Brno, May 23 (CTK) – The 50-day detention of a man from Kosovo with his two children in the refugee facility in Bela-Jezova, central Bohemia, in 2014 violated their rights, the Constitutional Court (US) ruled today, complying with their complaint.
It was neither proportionate nor necessary to place the family in the detention facility for foreigners, the court concluded.
Though the US has not found out that the Kosovars were treated badly in the facility, it points out that in 2014, there were no legal grounds for the detention of foreigners before their expulsion to the country where they sought asylum for the first time.
Until December 2015, the Czech law did not exactly describe the criteria of a serious danger of flight.
According to the US judges, the length of detention in Bela-Jezova was not optimal in the case of the Kosovar family, though no inhuman, cruel or humiliating treatment was proved.
All solutions were wrong in the situation where a father violated legal regulations, left the country where he applied for asylum and wanted to stay together with his children after being detained, the court concluded.
The children had to stay with their father in a closed complex watched by security guards.

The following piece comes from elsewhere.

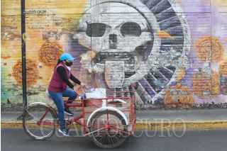 CIUDAD DE MÉXICO, 16ENERO2021.- La alcaldia Iztapalapa es una de las demarcaciones con más altos índices de contagios, lo que ha obligado a las autoridades a implementar de manera más eficaz y contante los programas para que los vecinos respeten las normas sanitarias. En imagen una mujer recorre la periferia de la Plaza Cívica de Iztapalapa en su triciclo, frente a mural alusivo al Dios del Inframundo en la cultura Mexica. FOTO: ROGELIO MORALES /CUARTOSCURO.COM
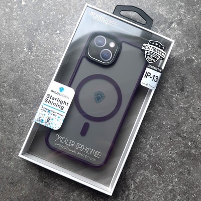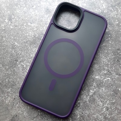 Чехол для Айфон 13 премиум-класса DFans, с поддержкой MagSafe, пластиковый матовый с фиолетовыми силиконовыми гранями.

The Kosovar man with his children, aged three and six years, crossed the Serbian border in 2014. They were detained in Hungary where they applied for asylum. However, then they left by train for Germany. They were stopped during a check at a railway station in Breclav, south Moravia.
The police decided to detain the father and expel him to Hungary on the basis of the Dublin Regulation. He stayed with his children in Bela-Jezova from March 16 until May 5, 2014.

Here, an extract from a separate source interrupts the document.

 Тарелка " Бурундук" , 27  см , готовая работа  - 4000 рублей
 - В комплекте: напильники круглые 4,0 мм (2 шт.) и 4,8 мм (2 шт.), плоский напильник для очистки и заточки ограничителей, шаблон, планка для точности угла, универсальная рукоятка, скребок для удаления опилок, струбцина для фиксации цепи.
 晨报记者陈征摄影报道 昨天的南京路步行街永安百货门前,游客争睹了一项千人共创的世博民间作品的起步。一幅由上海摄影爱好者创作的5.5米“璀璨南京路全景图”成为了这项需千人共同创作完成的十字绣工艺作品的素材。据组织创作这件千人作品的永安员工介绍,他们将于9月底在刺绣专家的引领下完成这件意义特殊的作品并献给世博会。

The Kosovar family filed a complaint that a Czech regional court and the Supreme Administrative Court rejected.
They turned to the US pointing to the length of detention and bad material conditions for children in Bela-Jezova as well as a negative psychological effect on the family life. A more suitable alternative would have been a placement in the admission facility for asylum seekers in Zastavka u Brna, south Moravia, the complaint said.

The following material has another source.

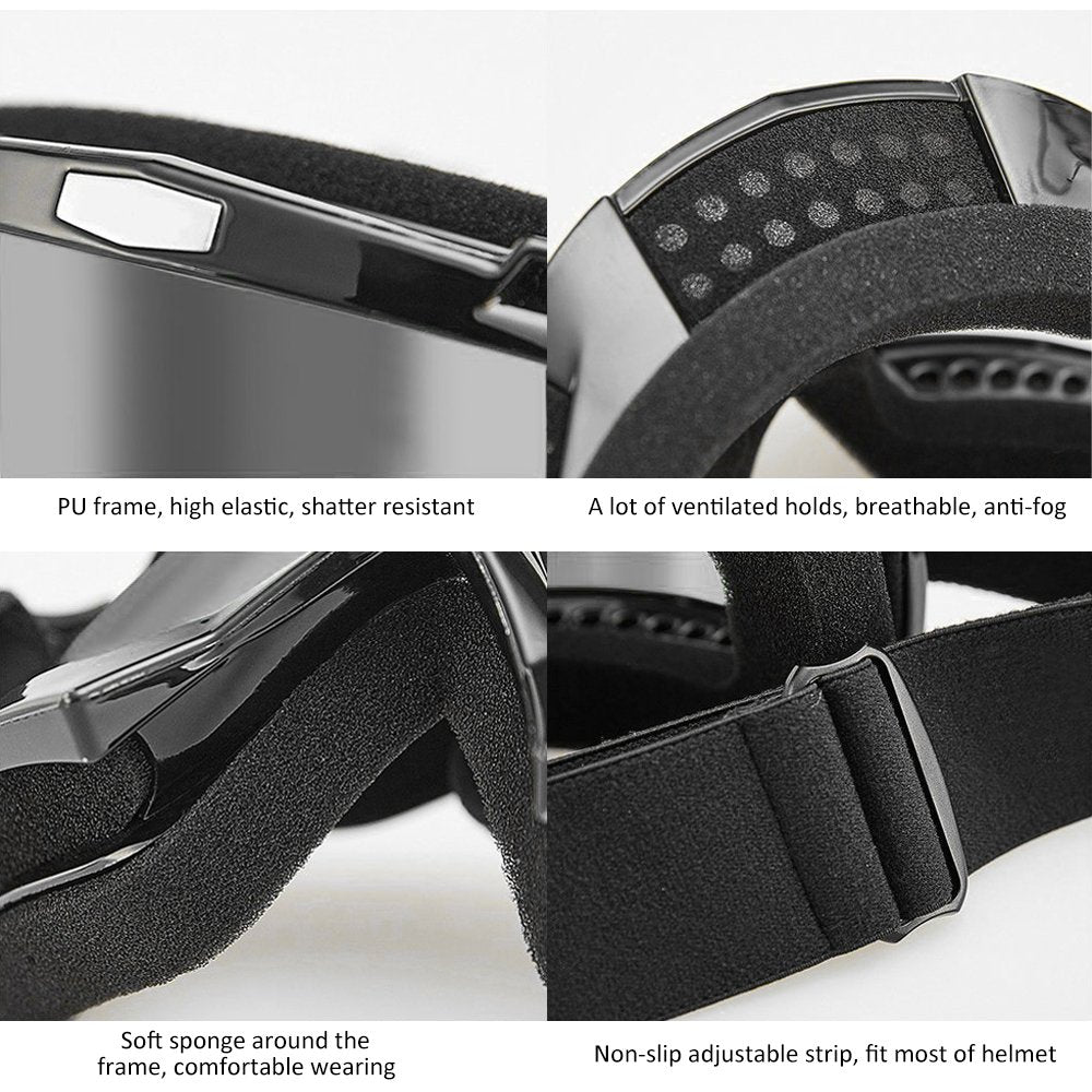 Q: What are the key features of the Dmeixs Motorcycle Goggles?A: The Dmeixs Motorcycle Goggles are designed with high-quality UP Resin material for excellent toughness and resilience. They feature scratch-resistant PC lenses that provide windproof, dustproof, shatter-proof, and 100% UV protection. Additionally, they have a non-slip, high elastic wide adjustable strap for a secure fit on any helmet, soft sponge padding for comfort, and a streamlined design for a broad, clear vision.

In 2015, of the Supreme Administrative Court (NSS) asked the European Court of Justice a preliminary question in another case to clarify the rightfulness of the refugees’ detention in the situation where Czech law did not define objective criteria of “a serious danger of flight.”
This question concerned exactly the foreigners who should be sent to another country to assess their asylum applications under the Dublin Regulation.
The European court of Justice ruled in March that an EU member state was not authorised to detain applicants for international protection for the purpose of proceedings on their transfer to another member state if it did not specify objective criteria enabling to assess the danger of flight in its law.
The criteria were more precisely specified in the law on foreigners’ stay in the meantime.
A serious danger of flight is defined in the following cases: if foreigners stay on the territory of the respective state unrightfully, avoided transfer to another country previously, attempted to fly, expressed intention to disrespect a rightful decision on the relocation to another country or if such an intention is apparent from their behaviour.